* Data below:
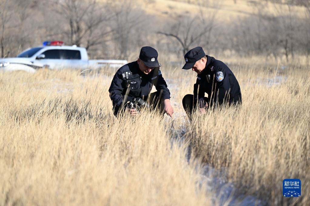 1月29日,多倫縣森林公安局灤河源國家森林公園森林公安派出所的民警在森林公園察看野生動(dòng)物蹤跡。
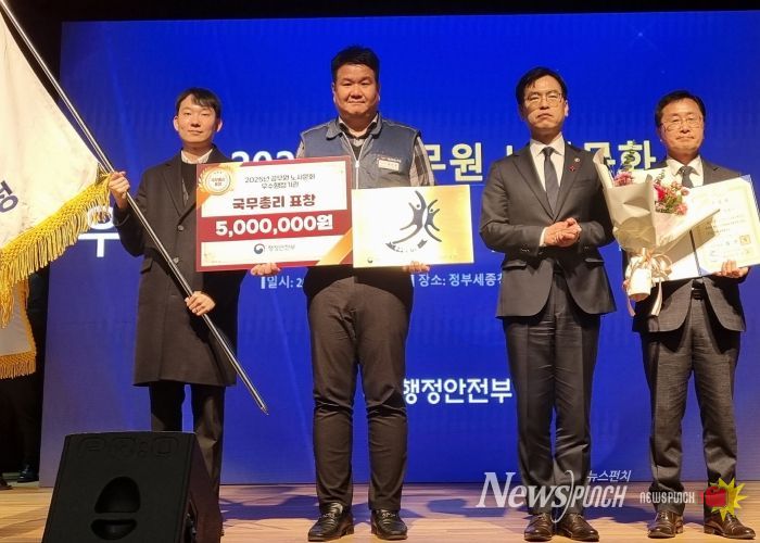 뉴스펀치 김길룡 기자 | 안성시와 전국공무원노동조합 안성시지부는 지난 3일 정부세종청사에서 열린 ‘2025년 공무원 노사문화 우수행정기관 인증제’ 심사에서 우수행정기관으로 선정돼 국무총리 표창을 수상했다고 밝혔다.
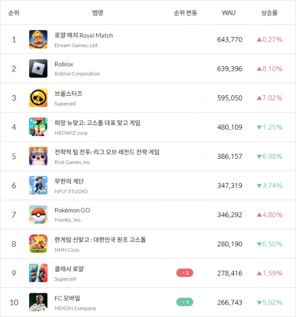 WAU 톱10 게임 중 8위까지 순위 변동이 없었던 가운데 슈퍼셀 '클래시 로얄'과 넥슨 'EA 스포츠 FC 모바일'이 9위 자리를 두고 경쟁을 벌이고 있다. 11위는 WAU 22만7609명을 기록한 플레이릭스 '꿈의 정원'이었다.
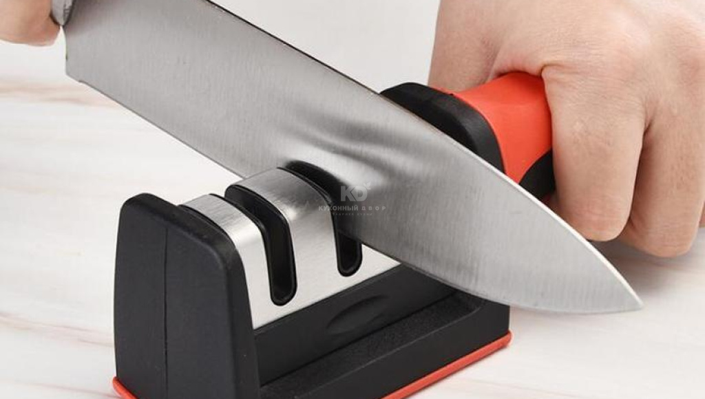 Заточка позволяет значительно продлить срок службы ножей, сохранив их остроту. Благодаря этому гаджету хозяйка может избежать ручной заточки ножа, во время которой лезвие часто повреждается.

* Description of the task: Output the material above verbatim but exclude each picture.

* Written response:
 1月29日,多倫縣森林公安局灤河源國家森林公園森林公安派出所的民警在森林公園察看野生動(dòng)物蹤跡。
 뉴스펀치 김길룡 기자 | 안성시와 전국공무원노동조합 안성시지부는 지난 3일 정부세종청사에서 열린 ‘2025년 공무원 노사문화 우수행정기관 인증제’ 심사에서 우수행정기관으로 선정돼 국무총리 표창을 수상했다고 밝혔다.
 WAU 톱10 게임 중 8위까지 순위 변동이 없었던 가운데 슈퍼셀 '클래시 로얄'과 넥슨 'EA 스포츠 FC 모바일'이 9위 자리를 두고 경쟁을 벌이고 있다. 11위는 WAU 22만7609명을 기록한 플레이릭스 '꿈의 정원'이었다.
 Заточка позволяет значительно продлить срок службы ножей, сохранив их остроту. Благодаря этому гаджету хозяйка может избежать ручной заточки ножа, во время которой лезвие часто повреждается.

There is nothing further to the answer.